Prexisio built the prior auth risk dashboard — a weekly view of all scheduled procedures in the next 30 days mapped to their prior authorization status. Cases where surgery was within 5 days and auth had not been confirmed were flagged as CRITICAL.

This dashboard, refreshed every Monday, gave the prior auth team a specific work queue every week: these cases, in this order, for this reason.

Payer contract reconciliation

The revenue integrity work began with digitizing the payer contracts — converting PDF fee schedules into structured data that could be compared against ERA payment records.

Once the contracts were structured, the reconciliation compared the contracted allowed amount against the actual payment received for each paid claim.

The underpayment gap across active payer contracts, when surfaced, exceeded $2M in recoverable revenue. The organization had no visibility into this gap before the reconciliation was run. Several underpayments had been accumulating for years.

Impact

Cancellation rate

The targeted interventions enabled by the root cause decomposition — addressing the specific locations, referral sources, and payers driving the rate — reduced the surgical cancellation rate from 30% at engagement start toward the COO's target of under 10%.
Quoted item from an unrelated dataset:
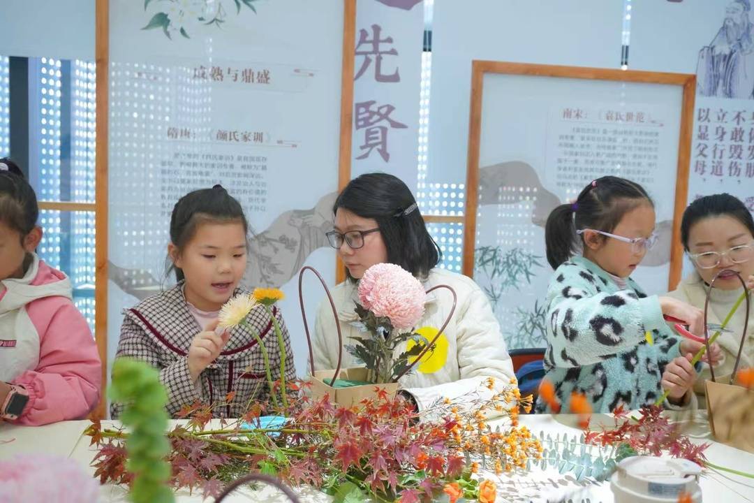 “五香”涵盖“饭香、花香、话香、茶香、书香”,从情感、审美、沟通、心境与精神五个维度,为家庭成长提供全面滋养。“饭香”让厨房变为亲子协作的实践课堂,家庭成员共同烹饪美食,通过亲子配合自然建立情感连接,在轻松氛围中观察并欣赏孩子的闪光点,让爱与教育在烟火气中流淌。“花香”让阳台成为观赏美、感受美的场所,家庭成员通过花艺制作与植物养护,共同提升审美情趣,促进家庭氛围的和谐愉悦。“话香”通过主题沙龙、故事分享等形式,创设平等、专注的对话场景,引导家庭成员实践非暴力沟通与倾听技巧,有效提升亲子情感表达能力,让沟通成为暖心的桥梁。“茶香”借茶道文化“和、静、怡、真”的精神,营造宁静、温馨的家庭氛围。家庭成员在品茗间放缓节奏,敞开心扉,进入深层次的心灵沟通与理解。“书香”通过亲子共读、经典诵读等活动,以文化滋养精神世界,在家庭中树立良好学风,传承智慧,共同构建学习型家庭。
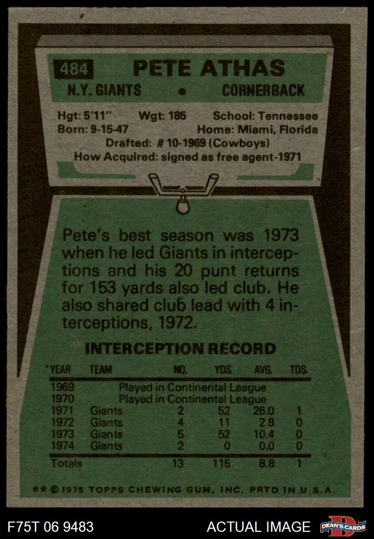 1975 Topps #484 Pete Athas 6 - EX/MT

The interventions were possible only because the data showed where the problem was concentrated. The fix was surgical, not organizational.

Revenue integrity

The $2M+ underpayment gap identified in the payer contract reconciliation represented revenue the organization was owed and had not collected. The prioritized appeal list gave the billing team a specific recovery roadmap ranked by dollar amount.

Prior authorization

The weekly prior auth risk dashboard moved the organization from reactive to proactive on authorization management. 48-hour cancellations caused by unconfirmed authorizations decreased as the prior auth team worked from a specific case queue rather than a general backlog.

Summary

A 30% surgical cancellation rate is a number. The question that matters is where it comes from. At this multi-site pain management organization, the answer required connecting records that had never been brought together and decomposing every cancellation by the variables that actually determine the fix.

The work Prexisio did here — the unified data foundation, the scheduled-to-perform funnel, the cancellation decomposition, the prior auth dashboard, and the payer contract reconciliation — is the model for how Prexisio approaches cancellation intelligence in pain management today.